Now I know patience isn't my strongest suit, that in part is why I selfpublish. But 6 weeks over the agreed date is a bit much and I've more or less lost my trust in him.

So what now? Am I too hasty? Should I give him more time, or cancel the job?


----------



## T.Allen.Smith (Nov 20, 2014)

If it's a contract unfulfilled, I'd ask for my money back & find another editor.


----------



## Graylorne (Nov 20, 2014)

It's not a written contract, T.A. It is an email exchange. But the agreements are quite clear: start Sep 8, turnaround approx. one month, one half of paid in advance, the rest before delivery.

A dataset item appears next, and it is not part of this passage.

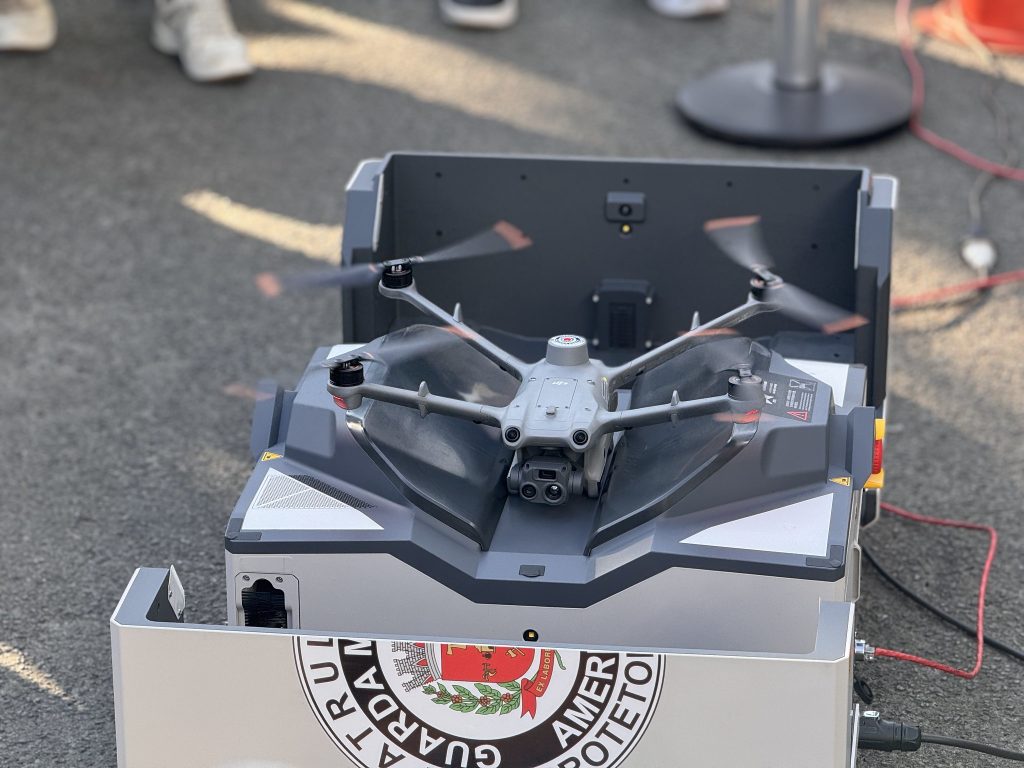 O equipamento, projetado para operações não tripuladas e ininterruptas, opera em conjunto com a DJI Dock 2, uma estação compacta que permite o lançamento, pouso e recarga automática do drone, sem necessidade de intervenção humana frequente. A tecnologia permite que o patrulhamento seja feito de forma automatizada, por meio de uma rota pré-definida, com zoom de longo alcance e detecção de calor, possibilitando inspeções e fiscalizações mesmo em locais de baixa visibilidade. As imagens geradas são monitoradas em tempo real pelo Centro de Segurança e Inteligência (CSI) e pelos patrulheiros nas viaturas e na base móvel.

As far as I know these agreements are as binding as a written contract.
Would that count as the same?


----------



## T.Allen.Smith (Nov 20, 2014)

I'm sure it will depend on your country's laws. If memory serves, you're Dutch...forgive me if I'm wrong.

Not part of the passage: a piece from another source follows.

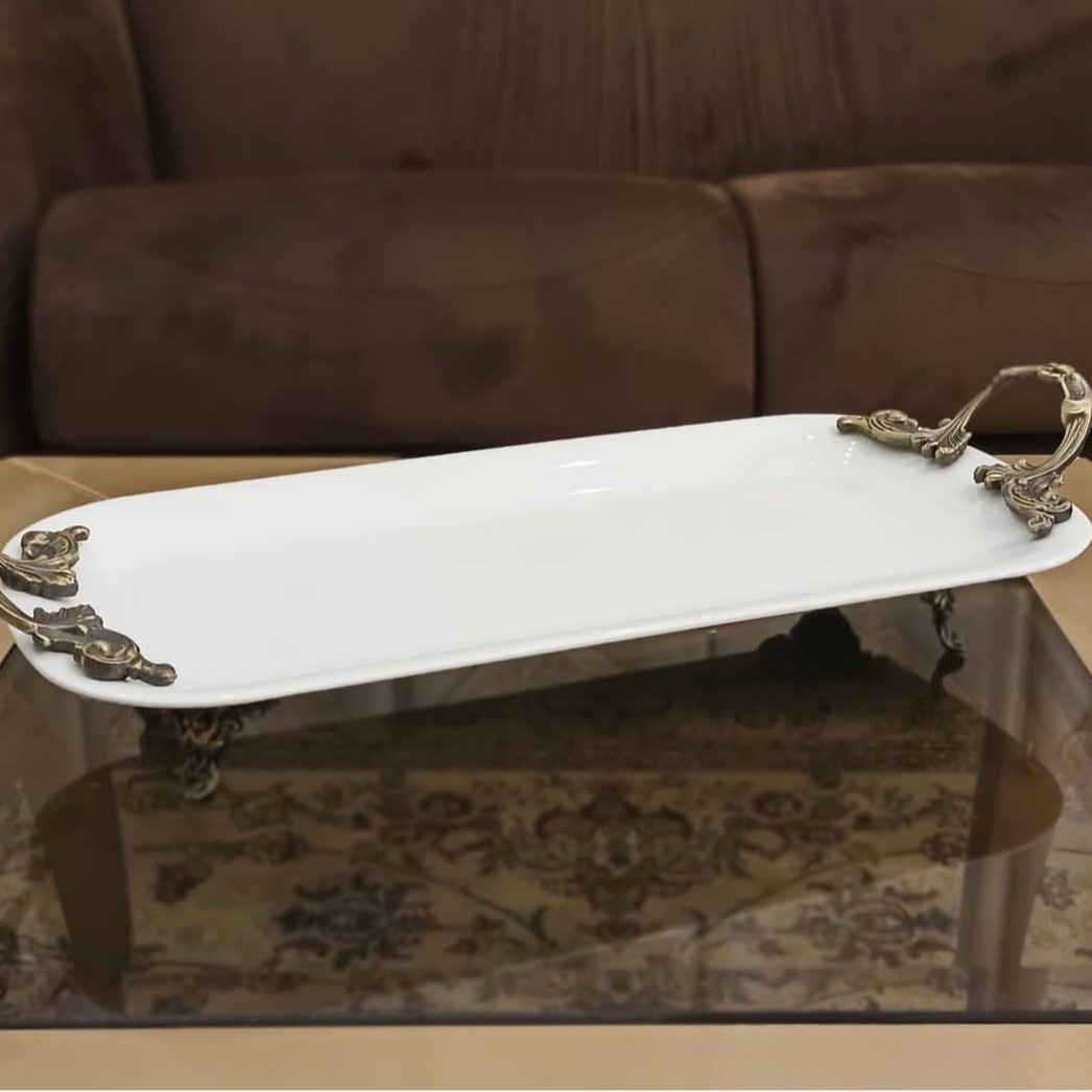 ظرف رولت خوری با دسته و پایه پیوتر جنس بدنه چینی درجه یک برند پردیس در چهار رنگ دسته و پایه، آنتیک، نقره ای، سیاه قلم و طلایی

In California, I would think an emailed agreement would be enough to bind contractually...but I'm no lawyer. 

Contractually binding or not, I'd still demand my money back. Six weeks past due & asking for another 3-4 is unreasonable.


----------



## Graylorne (Nov 20, 2014)

I'm Dutch, and by our laws is any agreement binding, whether in writing, vocal or by email (except in special cases as for buying a house and such, but then the law specifically states it has to be in writing).

I'll send him an email to terminate the agreement. A pity, but I'm really disappointed in him. Thanks, T.A.


----------



## Steerpike (Nov 20, 2014)

The general rule of contracts in the U.S. is that you need an offer, acceptance, and consideration to support the contract. It can be oral, in writing (such as via email), etc. So long as you can demonstrate those elements existed you can have a contract.


----------



## Graylorne (Nov 20, 2014)

That's the same then, as is only logical. Thanks, Steerpike. I just mailed the guy I canceled the agreement.


----------



## skip.knox (Nov 20, 2014)

He was unprofessional. As such, you might contribute a mention on Preditors and Editors. After all, think of the next guy who will trust him.


----------



## Graylorne (Nov 21, 2014)

I hesitate to do so, as he really is a pro with a solid reputation, so it can be a combination of circumstances. Baby, new job, too many clients. I'll wait to see how he is going to handle this.
I emailed him yesterday, 14.00 hrs his time, that I canceled the agreement and want my money back before Nov 27. He hasn't answered yet.
For now, it's up to him.


----------



## Graylorne (Nov 30, 2014)

I just wanted to report the matter has been honorably settled.
I'll not go into details, but we are both satisfied. So all ends well.


----------



## Caged Maiden (Nov 30, 2014)

I think sometimes these things just happen.  I've been known to do the same as a costumer.  Sometimes I do garments in "trade" to people and I tell them up front they're bottom of my list because they aren't "paying".  I think as long as folks are paying and set a deadline, any professional person who is taking cash for a service ought to say "Hey, I'm running behind, if I give you a discount, would you extend the deadline."  At that point it's up to the client to either grant the extension or not.  I'm glad this was resolved and that you  were understanding of his situation and everyone walked away happy.


----------